Turkish actress (born 1984)

Birce Akalay (born 19 June 1984) is a Turkish actress. She has appeared in over 20 films and TV series, gaining popularity for her performances. She has also presented sports on national television in Turkey and anchored many programs, making her name associated with sports and TV anchoring for about five years. Projects such as the series Yer Gök Aşk and the play 7 Kocalı Hürmüz, directed by Müjdat Gezen, are among her notable works. However, it was in 2017, playing the doctor Aslı Çınar alongside actor İbrahim Çelikkol, that she achieved her most successful series, Siyah Beyaz Aşk, which became famous not only in Europe but also in several countries in the Americas.

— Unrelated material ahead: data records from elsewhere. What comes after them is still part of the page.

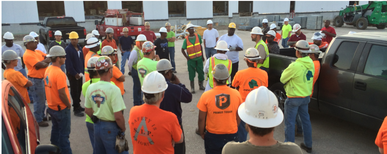
Safety stand down at Primus's Sysco project in Jacksonville, FL.
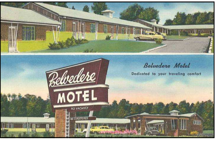
Promotional postcard form the Motel in the 1950s.
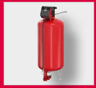
Flamcomat G4 MK-C Expansion Automat
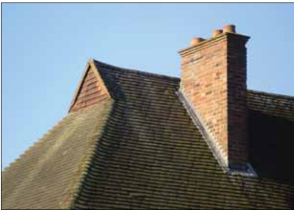
A Gablet, a typical Surrey feature
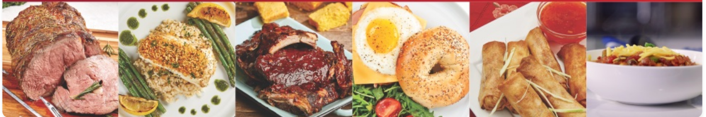
Image: A collage showcasing various dishes prepared using the 12-in-1 versatility of the oven, including air-fried chicken, baked goods, pizza, and roasted meats.
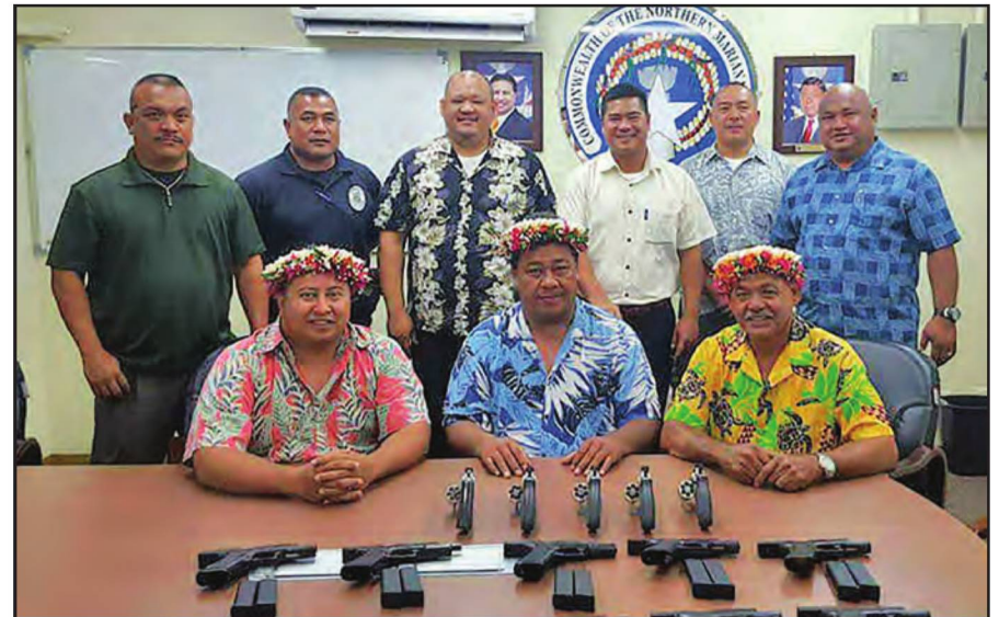
See "Kolonia Town" on page 5

San Nicolas has written to each of the police departments in Pohnpei's
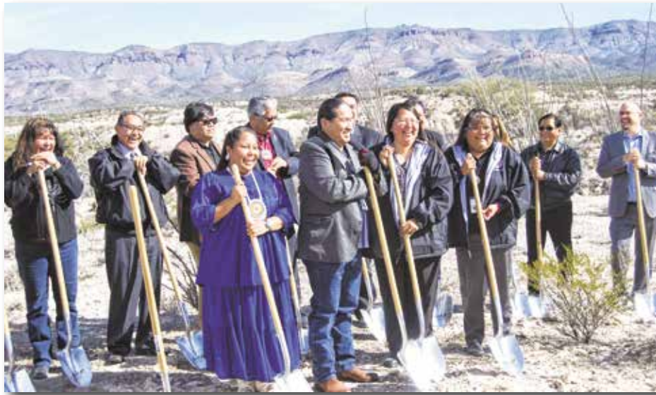
Leaders from the San Carlos Apache Tribe as well as local leaders officially broke ground last week on the Apache Sky Casino near Dudleyville. They plan to open in June.
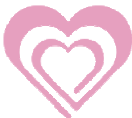
(U) GLogo a.k.a. "Girl Lover," Childlove
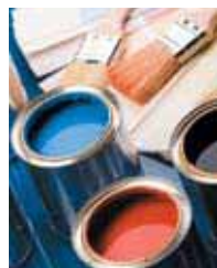
Low VOC paint

In 2020, she had leading role in the famous play Keşanlı Ali Destanı and portrayed the character of Zilha. At the same time, she continued her career on television with leading role in Star TV's series Babil, which premiered in January 2020. In 2022, she starred alongside actor İbrahim Çelikkol again in the Netflix series Kuş Uçuşu.

== Life and career ==
Akalay was born on 19 June 1984 in Istanbul. She started ballet at the age of four and was injured at the age of sixteen. She graduated from theatre department of Pera Fine Arts High School in 2003. She then enrolled in Istanbul University with a major in theatre analysis but left the school at third grade to pursue her dream of becoming a theatre actress. Since she had reached the age of twenty, she lost the chance to win a place in state conservatory but instead won a seat in Haliç University Conservatory for theatre studies and finished her education there. As of 2020, she is a lecturer at Haliç University's theatre department, teaching acting courses. In 2004, she competed in Miss Turkey and finished in the 3rd place. Subsequently, she represented her country in Miss Europe. Her cousin, Barış Murat Yağcı, is also an actor.

In 2007, she made her television debut with a supporting role in the hit series Asi. She had her first cinematic role in the same year with a part in the movie Son Ders: Aşk ve Üniversite. She got her first leading role in television with the series Kader, playing the character of Lamia, and was then cast in the series Senin Uğruna in the same year.

After playing supporting roles in Alayına İsyan and Kış Masalı in 2009, her breakthrough came with her role as Havva in 2010 series Yer Gök Aşk, which was well received by critics and fans.

In 2013, she portrayed Ayhan Aydan in historical series Ben Onu Çok Sevdim based on the life of Prime Minister of Turkey Adnan Menderes.

She continued her TV career with roles in child series Küçük Ağa (2014–2015), where she acted alongside Sarp Levendoğlu, who later became her husband. Also starred rom-com Evli ve Öfkeli (2015–2016) and youth series Hayat Bazen Tatlıdır (2016–2017). In 2017, she starred as Asli Çinar alongside actor Ibrahim Çelikkol in Siyah Beyaz Aşk, which was a hugely popular, leading the pair to garner a legion of fans not only from Turkey but also from other countries. But could not garner success in terms of television ratings. The show was cancelled at episode 32 due to low ratings and management change at Kanal D.

After playing a leading role in the TV series Ağlama Anne in late 2018, she didn't appear in any productions for 1 year.

In the meantime, she started teaching as a lecturer at Haliç University Theater Department and took part in the music program Benimle Söyle as the chief judge. In January 2020, she began portraying İlay in Star TV's series Babil. Akalay has also continued her career on stage and in 2020 appeared as "Zilha" in the play Keşanlı Ali Destanı.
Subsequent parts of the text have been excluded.